EXERCISE DATA
○ ○ ○ ○ ○

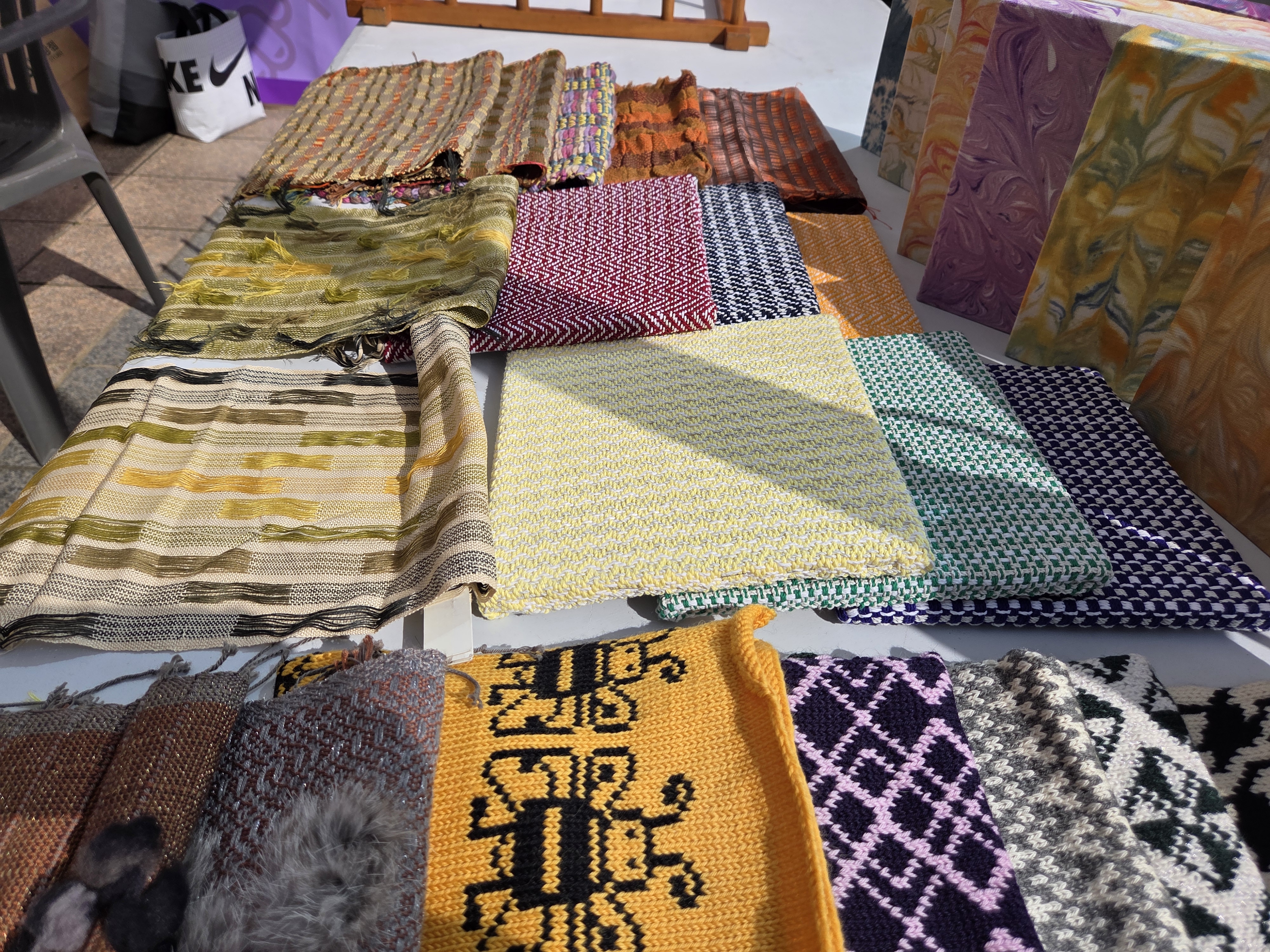 진열해 놓은 스카프는 직접 직물기계로 짠 거라고 하네요
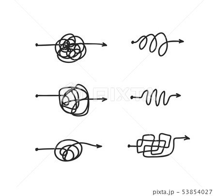 Confused process concept insane messy line vector illustration
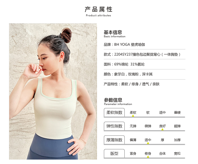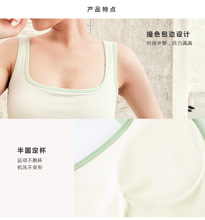 壁虎瑜伽【2304SY237】撞色包边聚拢背心(有胸垫)【5天发货】
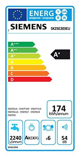 Hersteller und Modell: Siemens SK25E203EUEnergieeffizienzklasse (auf einer Skala von A+++ (höchste Effizienz) bis D (geringste Effizienz)): A+Nennkapazität in Standardgedecken: 6Energieverbrauch in kWh/Jahr auf der Grundlage von 280 Standardreinigungszyklen bei Kaltwasserbefüllung und dem Verbrauch der Betriebsarten mit geringer Leistungsaufnahme. Der tatsächliche Energieverbrauch hängt von der Art der Nutzung des Geräts ab.: 174Wasserverbrauch in Liter/Jahr, auf der Grundlage von 280 Standardreinigungszyklen. Der tatsächliche Wasserverbrauch hängt von der Art der Nutzung des Geräts ab.: 2240Trocknungseffizienzklasse (auf einer Skala von G (geringste Effizienz) bis A (höchste Effizienz)): ALuftschallemissionen in dB(A) re 1 pW: 54Einbaugerät: Wichtige Informationen
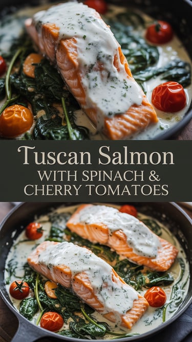 A creamy Tuscan sauce bubbling around salmon fillets, wilted spinach, and sweet cherry tomatoes — like a mini vacation to Italy.
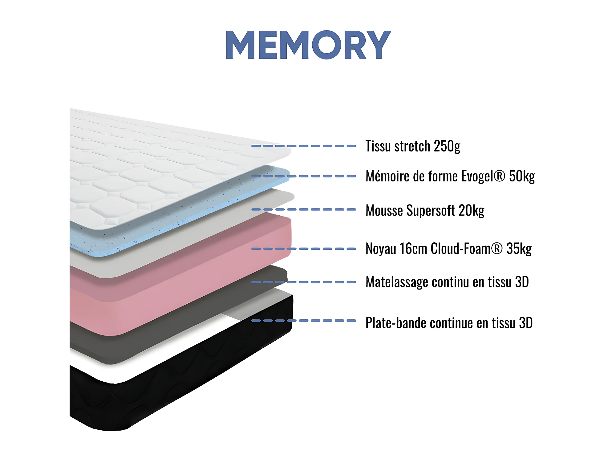 Matelas mousse Memory - 140x200cm - accueil mémoire de forme 50kg/m3 - 19 cm
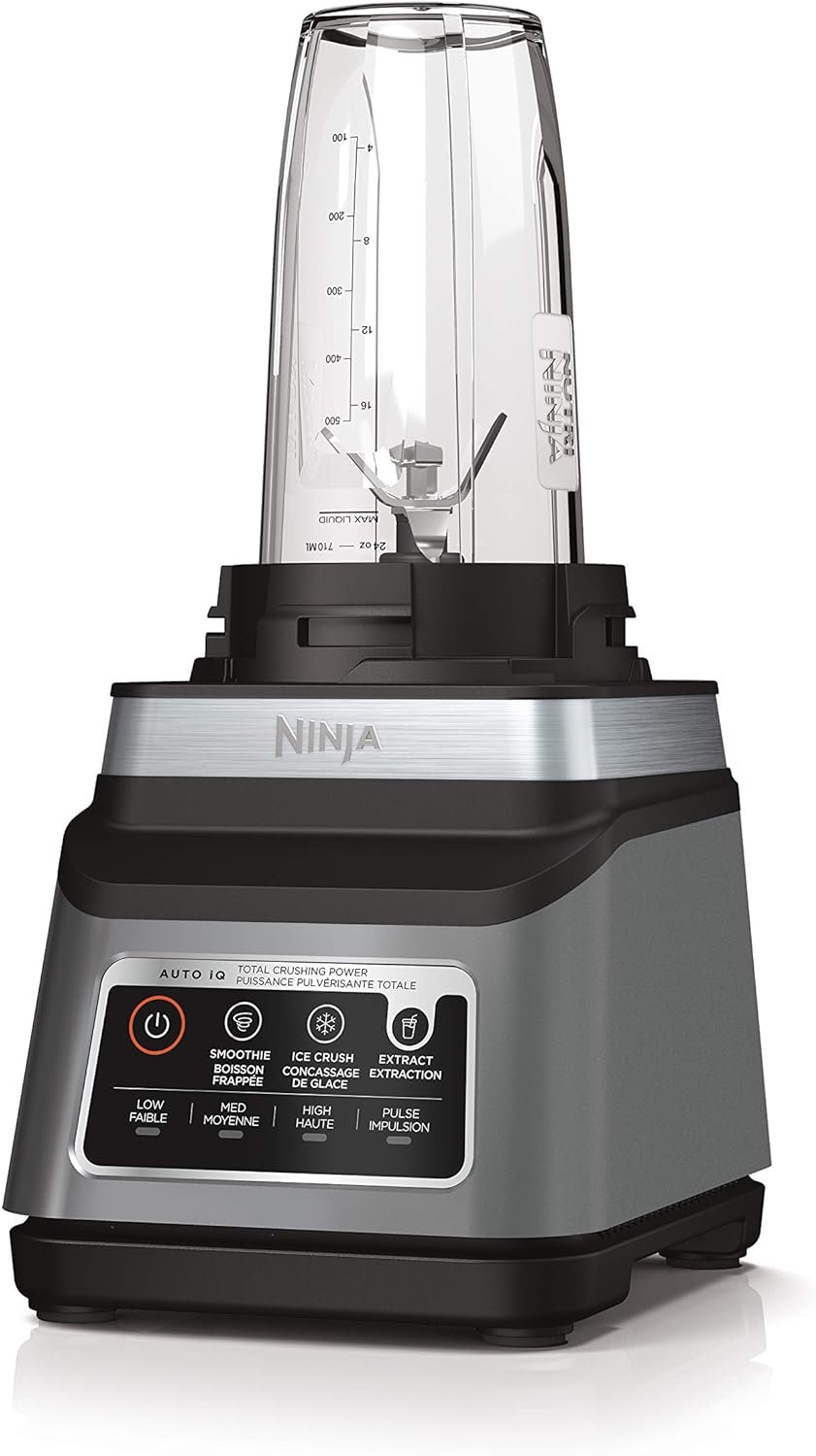 The Ninja Professional Plus Blender DUO with Auto-iQ features a new modern design and a more powerful motor than Ninja’s original Professional Blender DUO. Ninja Total Crushing Blades and Pro Extractor Blades Assembly give you perfectly crushed ice for your smoothies, frozen drinks, and nutrient extractions. The 72 ounces † Total Crushing Pitcher is great for making large batches for the whole family with 1400 peak watts of professional power. Plus, its single-serve cups with spout lids make it easy to take delicious, nutrient-rich smoothies on the go. Auto-iQ Technology provides preset pograms that do the work for you, no guesswork required. Versus BL621, based on operating wattag Extract a drink containing vitamins and nutrients from fruits and vegetables 64 ounces max liquid capacity
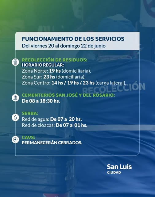 En el marco por el feriado del Día de la Bandera este 20 de junio, la Municipalidad dio a conocer cómo será el funcionamiento de los servicios públicos en la ciudad durante este fin de semana largo.
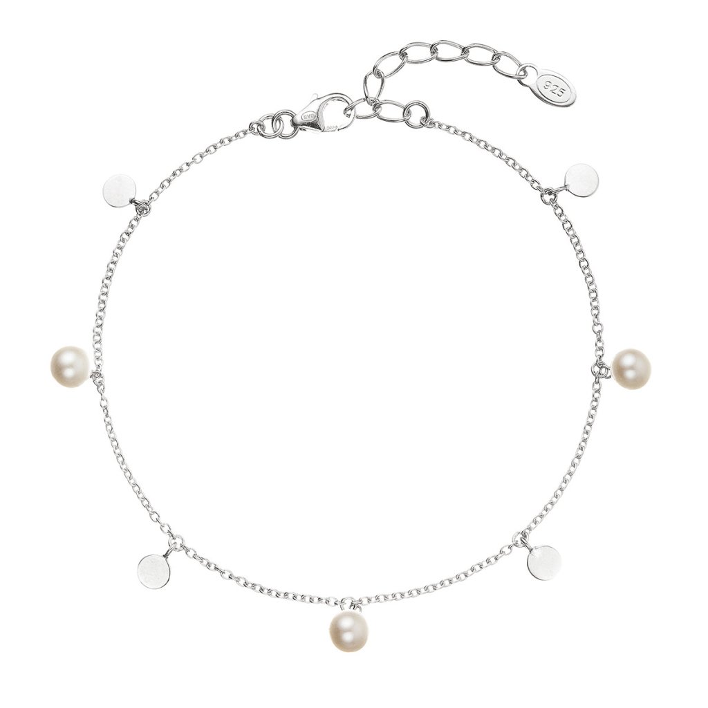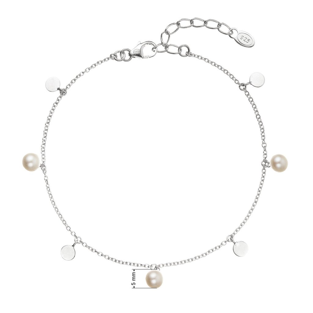 Veľmi nežne pôsobiaci jednoduchý náramok so žiarivými perlami a placičkami.Náramok je vyrobený zo striebra rýdzosti 925/1000, ktoré prešlo povrchovou úpravou ródiom. Ródium chráni šperk proti sčerneniu, zožltnutiu i poškriabaniu. Keďže šperk neobsahuje žiadny prídavok niklu , môžu ich bez obáv nosiť aj alergici.
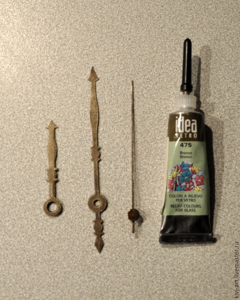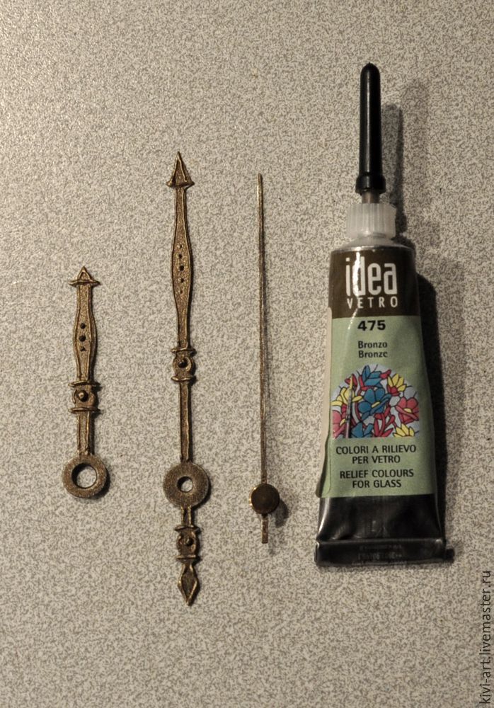 Окрасила стрелки я контурной пастой. Во-первых, потому, что у неё лучшее сцепление с поверхностью, а, во-вторых, для того, чтобы цвет на самой работе точно совпал с цветом стрелок.
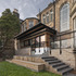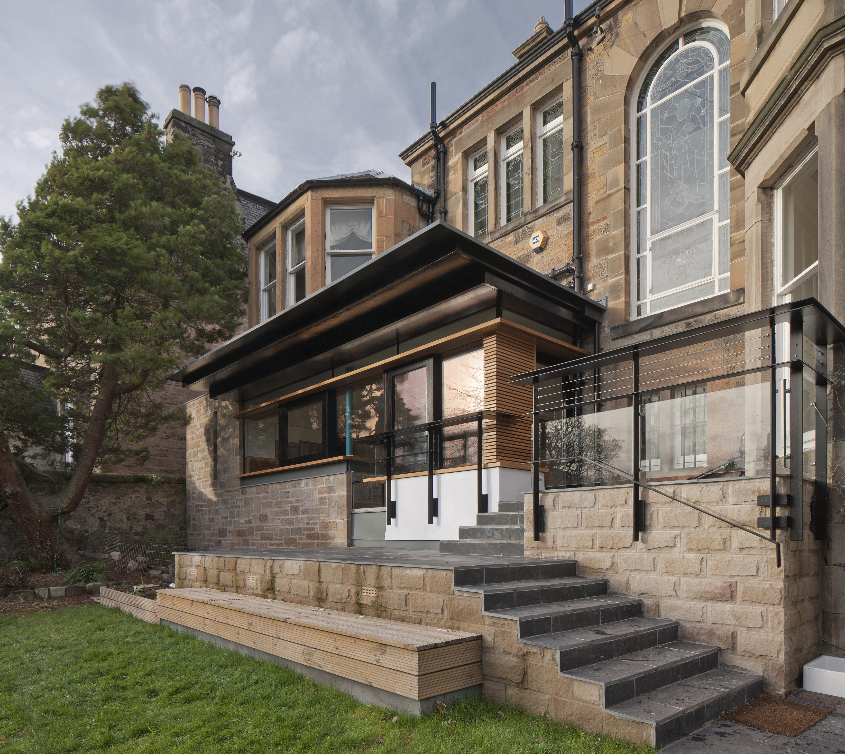 Complex and largely concealed steelwork holds up the heavy stone upper storey, with a thin-edged cantilever roof providing sheltering and deeply shadowed eaves.
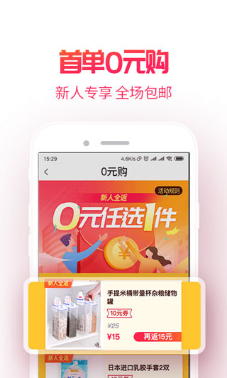 2、0元购:新人专享0元包邮购,全额返利免费送到家

○ ○ ○ ○ ○

TASK OBJECTIVE
The listing above should be returned word for word, with pictures omitted.

OUTPUT BELOW
 진열해 놓은 스카프는 직접 직물기계로 짠 거라고 하네요
 Confused process concept insane messy line vector illustration
 壁虎瑜伽【2304SY237】撞色包边聚拢背心(有胸垫)【5天发货】
 Hersteller und Modell: Siemens SK25E203EUEnergieeffizienzklasse (auf einer Skala von A+++ (höchste Effizienz) bis D (geringste Effizienz)): A+Nennkapazität in Standardgedecken: 6Energieverbrauch in kWh/Jahr auf der Grundlage von 280 Standardreinigungszyklen bei Kaltwasserbefüllung und dem Verbrauch der Betriebsarten mit geringer Leistungsaufnahme. Der tatsächliche Energieverbrauch hängt von der Art der Nutzung des Geräts ab.: 174Wasserverbrauch in Liter/Jahr, auf der Grundlage von 280 Standardreinigungszyklen. Der tatsächliche Wasserverbrauch hängt von der Art der Nutzung des Geräts ab.: 2240Trocknungseffizienzklasse (auf einer Skala von G (geringste Effizienz) bis A (höchste Effizienz)): ALuftschallemissionen in dB(A) re 1 pW: 54Einbaugerät: Wichtige Informationen
 A creamy Tuscan sauce bubbling around salmon fillets, wilted spinach, and sweet cherry tomatoes — like a mini vacation to Italy.
 Matelas mousse Memory - 140x200cm - accueil mémoire de forme 50kg/m3 - 19 cm
 The Ninja Professional Plus Blender DUO with Auto-iQ features a new modern design and a more powerful motor than Ninja’s original Professional Blender DUO. Ninja Total Crushing Blades and Pro Extractor Blades Assembly give you perfectly crushed ice for your smoothies, frozen drinks, and nutrient extractions. The 72 ounces † Total Crushing Pitcher is great for making large batches for the whole family with 1400 peak watts of professional power. Plus, its single-serve cups with spout lids make it easy to take delicious, nutrient-rich smoothies on the go. Auto-iQ Technology provides preset pograms that do the work for you, no guesswork required. Versus BL621, based on operating wattag Extract a drink containing vitamins and nutrients from fruits and vegetables 64 ounces max liquid capacity
 En el marco por el feriado del Día de la Bandera este 20 de junio, la Municipalidad dio a conocer cómo será el funcionamiento de los servicios públicos en la ciudad durante este fin de semana largo.
 Veľmi nežne pôsobiaci jednoduchý náramok so žiarivými perlami a placičkami.Náramok je vyrobený zo striebra rýdzosti 925/1000, ktoré prešlo povrchovou úpravou ródiom. Ródium chráni šperk proti sčerneniu, zožltnutiu i poškriabaniu. Keďže šperk neobsahuje žiadny prídavok niklu , môžu ich bez obáv nosiť aj alergici.
 Окрасила стрелки я контурной пастой. Во-первых, потому, что у неё лучшее сцепление с поверхностью, а, во-вторых, для того, чтобы цвет на самой работе точно совпал с цветом стрелок.
 Complex and largely concealed steelwork holds up the heavy stone upper storey, with a thin-edged cantilever roof providing sheltering and deeply shadowed eaves.
 2、0元购:新人专享0元包邮购,全额返利免费送到家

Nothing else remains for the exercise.